O Conselho Estadual do Meio Ambiente (Consema) aprovou nesta quarta-feira (26) o projeto de construção do porto de Barranco Vermelho, em Cáceres. O projeto possui uma série de falhas e é criticado por instituições de defesa do meio ambiente. 

Ao referendar o pedido de licença prévia para o porto em Cáceres, o Consema apresentou algumas condicionantes para que o projeto seja executado, entre elas está a proibição de transporte de agrotóxicos nas barcaças. O representante do Instituto Brasileiro do Meio Ambiente e dos Recursos Naturais (Ibama) votou contra a liberação do projeto. 
 
Com a aprovação, o processo vai retornar para análise da equipe da Secretaria de Estado de Meio Ambiente (Sema). A aprovação pelo Consema exclui apenas o transporte de combustíveis e produtos como agrotóxicos. Durante a reunião, outras irregularidades do processo foram apontadas: a exemplo da falta de Anotação de Responsabilidade Técnica (ART), emitida pelo Conselho Regional de Engenharia e Agronomia de Mato Grosso (Crea-MT), e registro de profissionais que assinaram parte dos estudos.

Projeto tem 111 falhas

De acordo com o Fórum Matrogrossense de Meio Ambiente e Desenvolvimento (Formad) o projeto de contrução do porto do Barreiro Vermelho possui 111 falhas. A instalação do empreendimento privado na cidade de Cáceres, na margem esquerda do rio Paraguai, tem como objetivo realizar operações portuárias e transporte de grãos, insumos e combustíveis, em um trecho de 680 km, até Corumbá (MS).

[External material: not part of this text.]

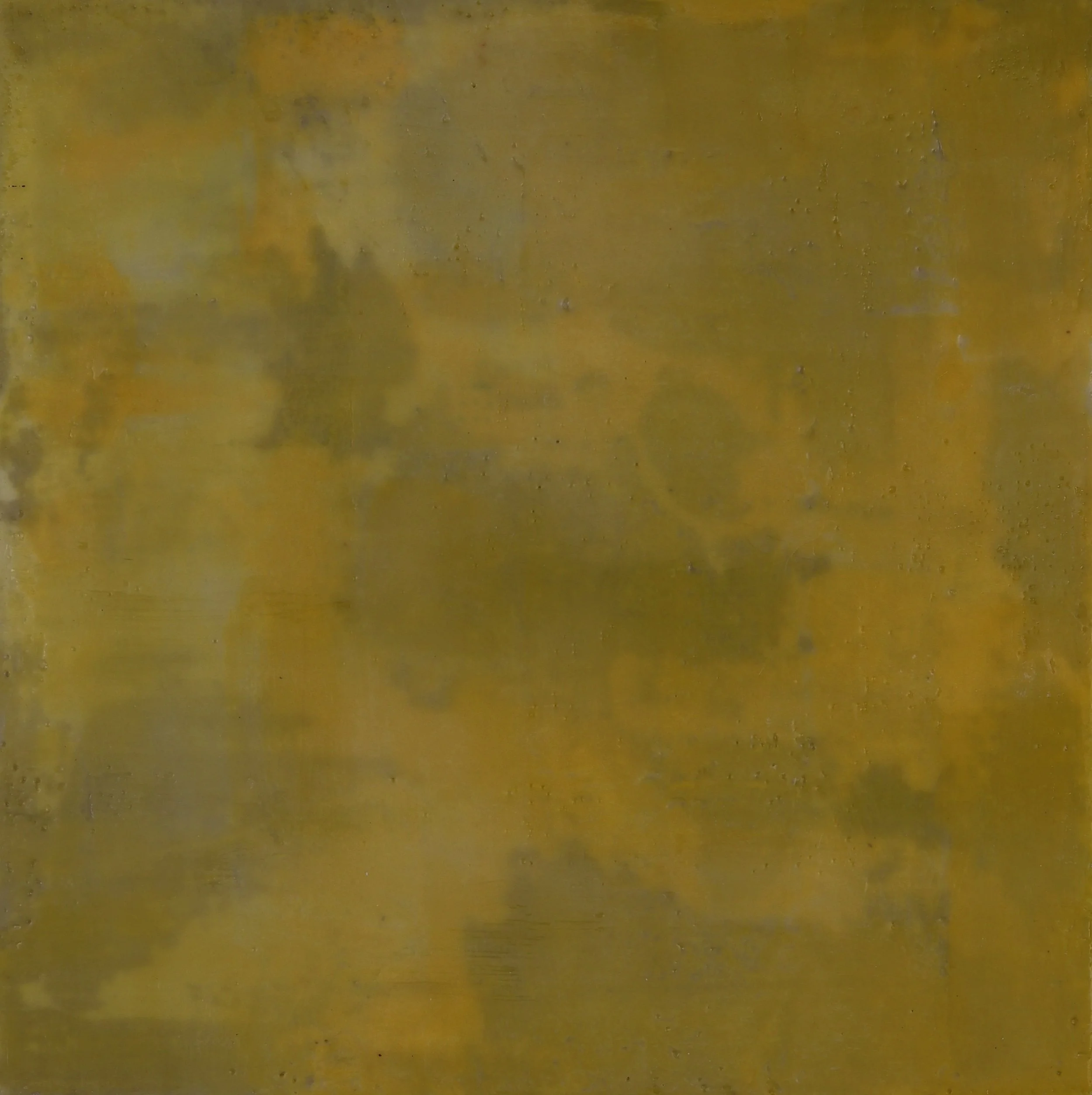Mille Guldbeck, "Yellow Meditation," oil and encaustic on MDF, 12 x 12 inches.

De acordo com o revisor do processo no Consema e representante da Associação Sócio Cultural Ambiental Fé e Vida, Lourival Vasconcelos, o processo de Estudos de Impactos Ambientais (EIA-Rima) apresentado à SEMA não atende ao Termo de Referência para construção do porto. “Por apresentar tantas pendências, o EIA-Rima deveria ter sido indeferido de plano, em sua totalidade, conforme previsto na legislação ambiental vigente, neste caso, o Artigo 32 da Lei Complementar nº 592, de 26 de maio de 2017.”

Apesar disso e do descumprimento da legislação ambiental nacional e internacional por parte do empreendedor, a Sema emitiu parecer técnico favorável à licença prévia em dezembro de 2021. O mesmo parecer foi votado e aprovado pela Consema nesta quarta-feira.